*Work to be completed*: For the records below, output word for word the lines from the one with "22 октября 2020" up to and including the one with "Hand dyed, spun". No pictures.

*Listed records*:
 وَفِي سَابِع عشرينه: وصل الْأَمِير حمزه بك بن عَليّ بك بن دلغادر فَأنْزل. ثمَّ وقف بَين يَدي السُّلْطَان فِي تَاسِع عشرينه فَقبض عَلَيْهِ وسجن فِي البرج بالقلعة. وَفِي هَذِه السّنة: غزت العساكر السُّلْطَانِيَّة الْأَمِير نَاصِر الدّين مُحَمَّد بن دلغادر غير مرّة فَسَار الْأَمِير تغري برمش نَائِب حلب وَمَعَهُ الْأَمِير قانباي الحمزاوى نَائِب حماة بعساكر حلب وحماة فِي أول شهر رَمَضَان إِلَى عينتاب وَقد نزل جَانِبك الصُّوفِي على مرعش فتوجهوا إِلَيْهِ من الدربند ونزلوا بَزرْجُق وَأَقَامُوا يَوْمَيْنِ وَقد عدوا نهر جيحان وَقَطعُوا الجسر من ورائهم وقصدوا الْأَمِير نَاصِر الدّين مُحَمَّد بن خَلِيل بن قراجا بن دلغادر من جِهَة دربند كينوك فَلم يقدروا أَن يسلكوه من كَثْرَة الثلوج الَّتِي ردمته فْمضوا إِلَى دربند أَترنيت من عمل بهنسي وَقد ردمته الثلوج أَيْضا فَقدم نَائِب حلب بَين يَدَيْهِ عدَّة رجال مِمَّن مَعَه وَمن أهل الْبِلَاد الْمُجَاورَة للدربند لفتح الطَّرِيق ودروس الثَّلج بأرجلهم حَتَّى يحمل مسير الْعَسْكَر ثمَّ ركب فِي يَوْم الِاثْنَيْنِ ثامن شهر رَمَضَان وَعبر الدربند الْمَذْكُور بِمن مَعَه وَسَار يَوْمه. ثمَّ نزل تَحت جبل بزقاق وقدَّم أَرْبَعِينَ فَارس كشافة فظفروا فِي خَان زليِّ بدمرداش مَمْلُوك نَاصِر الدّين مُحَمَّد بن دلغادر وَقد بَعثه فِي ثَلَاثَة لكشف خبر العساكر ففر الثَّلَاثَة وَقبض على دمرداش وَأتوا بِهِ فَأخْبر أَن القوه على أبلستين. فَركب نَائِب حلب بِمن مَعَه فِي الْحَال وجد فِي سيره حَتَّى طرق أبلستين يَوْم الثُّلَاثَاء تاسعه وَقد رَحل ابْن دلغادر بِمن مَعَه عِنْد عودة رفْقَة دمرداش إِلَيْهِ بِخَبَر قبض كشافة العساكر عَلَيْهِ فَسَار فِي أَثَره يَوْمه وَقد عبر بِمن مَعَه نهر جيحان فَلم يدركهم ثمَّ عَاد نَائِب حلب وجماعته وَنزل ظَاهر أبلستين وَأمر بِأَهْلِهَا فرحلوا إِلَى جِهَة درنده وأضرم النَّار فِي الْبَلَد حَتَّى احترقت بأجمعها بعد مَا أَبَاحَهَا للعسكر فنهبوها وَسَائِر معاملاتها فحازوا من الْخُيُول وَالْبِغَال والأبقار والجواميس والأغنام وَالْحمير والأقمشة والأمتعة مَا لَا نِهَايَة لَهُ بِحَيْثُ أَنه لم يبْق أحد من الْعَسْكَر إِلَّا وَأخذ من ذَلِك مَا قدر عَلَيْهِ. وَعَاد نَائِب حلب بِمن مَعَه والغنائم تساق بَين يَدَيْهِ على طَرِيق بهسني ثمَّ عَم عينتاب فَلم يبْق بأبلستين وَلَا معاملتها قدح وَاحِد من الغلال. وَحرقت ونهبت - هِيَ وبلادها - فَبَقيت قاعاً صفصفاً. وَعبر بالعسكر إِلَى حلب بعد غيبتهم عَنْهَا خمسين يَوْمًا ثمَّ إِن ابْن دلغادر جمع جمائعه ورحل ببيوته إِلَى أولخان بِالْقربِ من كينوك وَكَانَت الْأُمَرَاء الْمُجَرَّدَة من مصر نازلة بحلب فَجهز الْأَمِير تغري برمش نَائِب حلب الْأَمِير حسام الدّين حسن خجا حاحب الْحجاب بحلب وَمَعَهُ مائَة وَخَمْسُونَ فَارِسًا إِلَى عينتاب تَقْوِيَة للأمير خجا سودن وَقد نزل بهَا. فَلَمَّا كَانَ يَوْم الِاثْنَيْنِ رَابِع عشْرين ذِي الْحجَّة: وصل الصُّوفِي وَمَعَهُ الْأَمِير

--

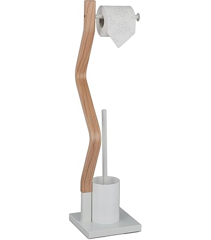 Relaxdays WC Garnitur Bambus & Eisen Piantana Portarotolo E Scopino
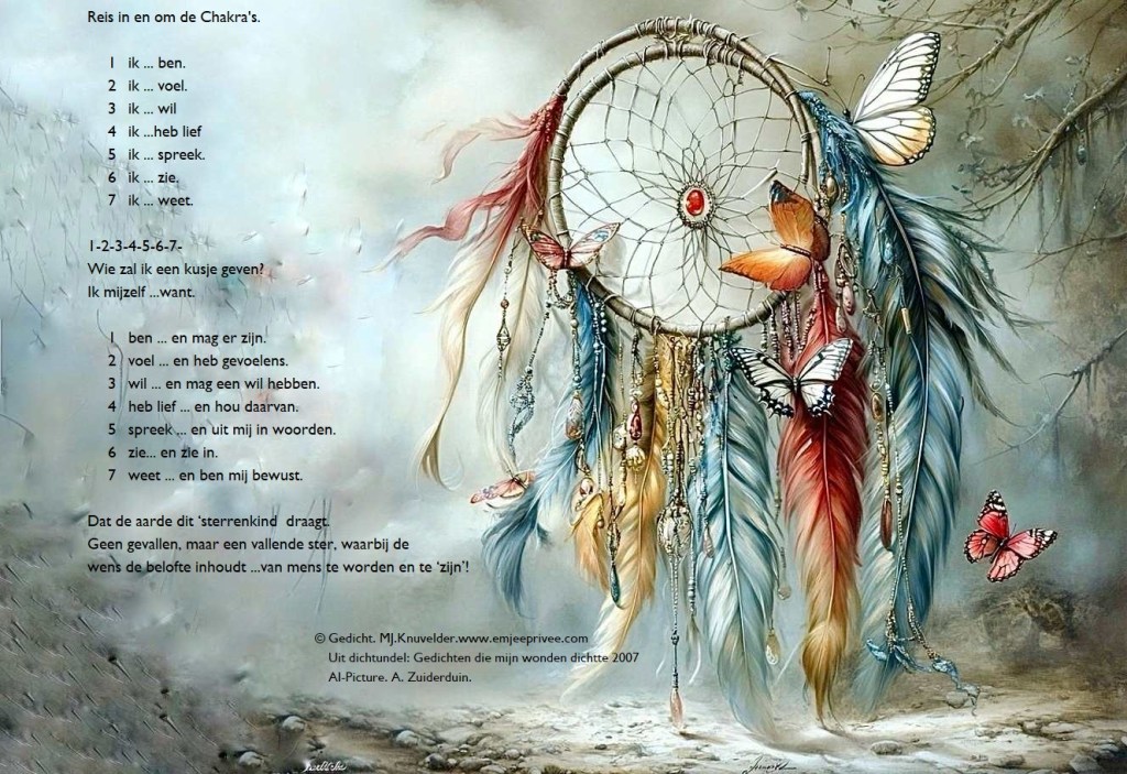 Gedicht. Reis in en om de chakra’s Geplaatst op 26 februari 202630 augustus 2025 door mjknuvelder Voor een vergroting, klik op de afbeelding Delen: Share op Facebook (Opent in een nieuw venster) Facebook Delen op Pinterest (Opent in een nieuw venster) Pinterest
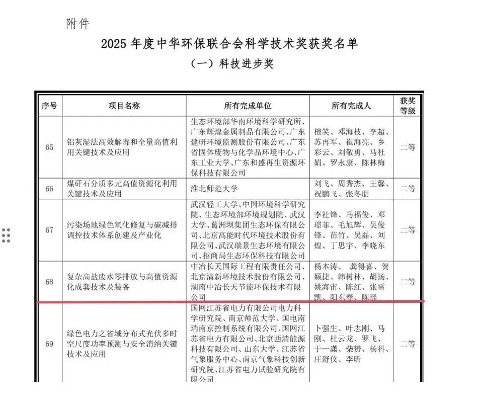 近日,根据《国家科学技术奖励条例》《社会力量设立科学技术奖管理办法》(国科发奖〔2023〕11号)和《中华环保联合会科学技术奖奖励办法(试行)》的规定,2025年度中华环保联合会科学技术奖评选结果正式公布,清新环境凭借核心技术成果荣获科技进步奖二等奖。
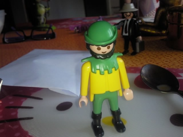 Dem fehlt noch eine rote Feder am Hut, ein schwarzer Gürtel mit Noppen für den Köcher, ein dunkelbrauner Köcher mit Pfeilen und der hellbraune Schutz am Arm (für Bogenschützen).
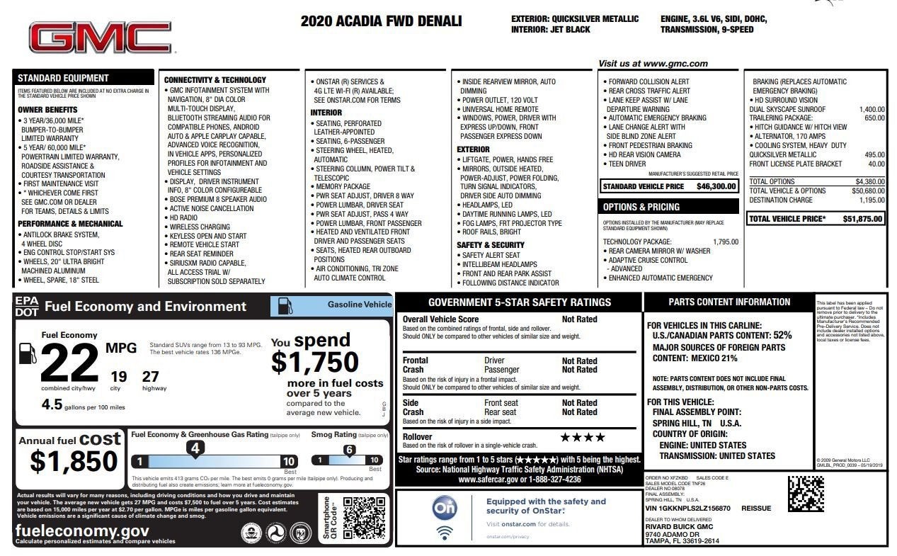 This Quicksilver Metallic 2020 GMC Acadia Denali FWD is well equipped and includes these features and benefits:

* * *

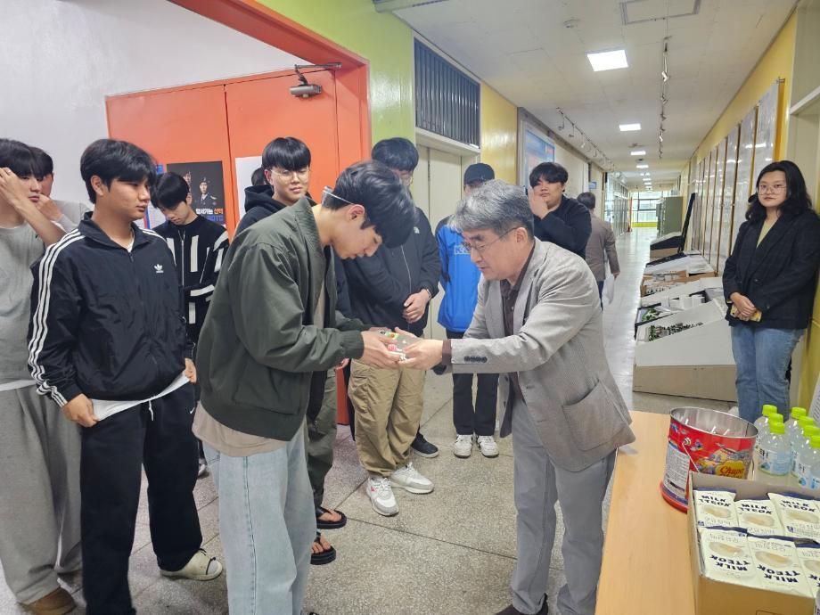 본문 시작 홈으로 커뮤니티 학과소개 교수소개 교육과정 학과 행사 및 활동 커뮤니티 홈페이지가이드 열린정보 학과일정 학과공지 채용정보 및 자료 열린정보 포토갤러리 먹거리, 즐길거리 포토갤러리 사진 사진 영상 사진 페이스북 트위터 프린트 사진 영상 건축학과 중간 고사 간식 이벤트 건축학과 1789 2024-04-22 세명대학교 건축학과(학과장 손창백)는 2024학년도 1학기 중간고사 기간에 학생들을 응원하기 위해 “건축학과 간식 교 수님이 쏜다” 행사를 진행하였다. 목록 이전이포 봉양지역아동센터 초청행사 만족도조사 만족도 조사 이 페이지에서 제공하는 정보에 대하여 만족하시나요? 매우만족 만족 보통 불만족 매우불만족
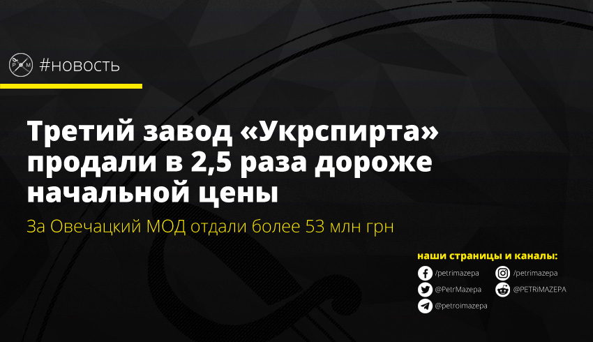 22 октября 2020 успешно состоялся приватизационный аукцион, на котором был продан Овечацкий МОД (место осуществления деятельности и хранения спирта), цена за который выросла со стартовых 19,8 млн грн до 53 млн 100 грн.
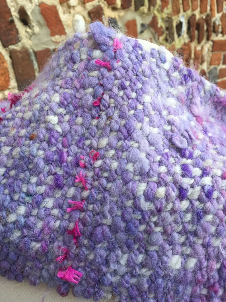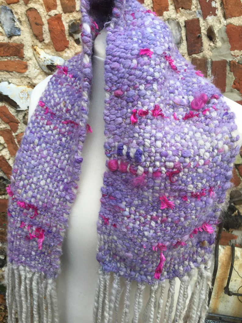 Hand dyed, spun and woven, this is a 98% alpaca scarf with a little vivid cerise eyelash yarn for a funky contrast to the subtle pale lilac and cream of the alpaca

*Response to this exercise*:
 22 октября 2020 успешно состоялся приватизационный аукцион, на котором был продан Овечацкий МОД (место осуществления деятельности и хранения спирта), цена за который выросла со стартовых 19,8 млн грн до 53 млн 100 грн.
 Hand dyed, spun and woven, this is a 98% alpaca scarf with a little vivid cerise eyelash yarn for a funky contrast to the subtle pale lilac and cream of the alpaca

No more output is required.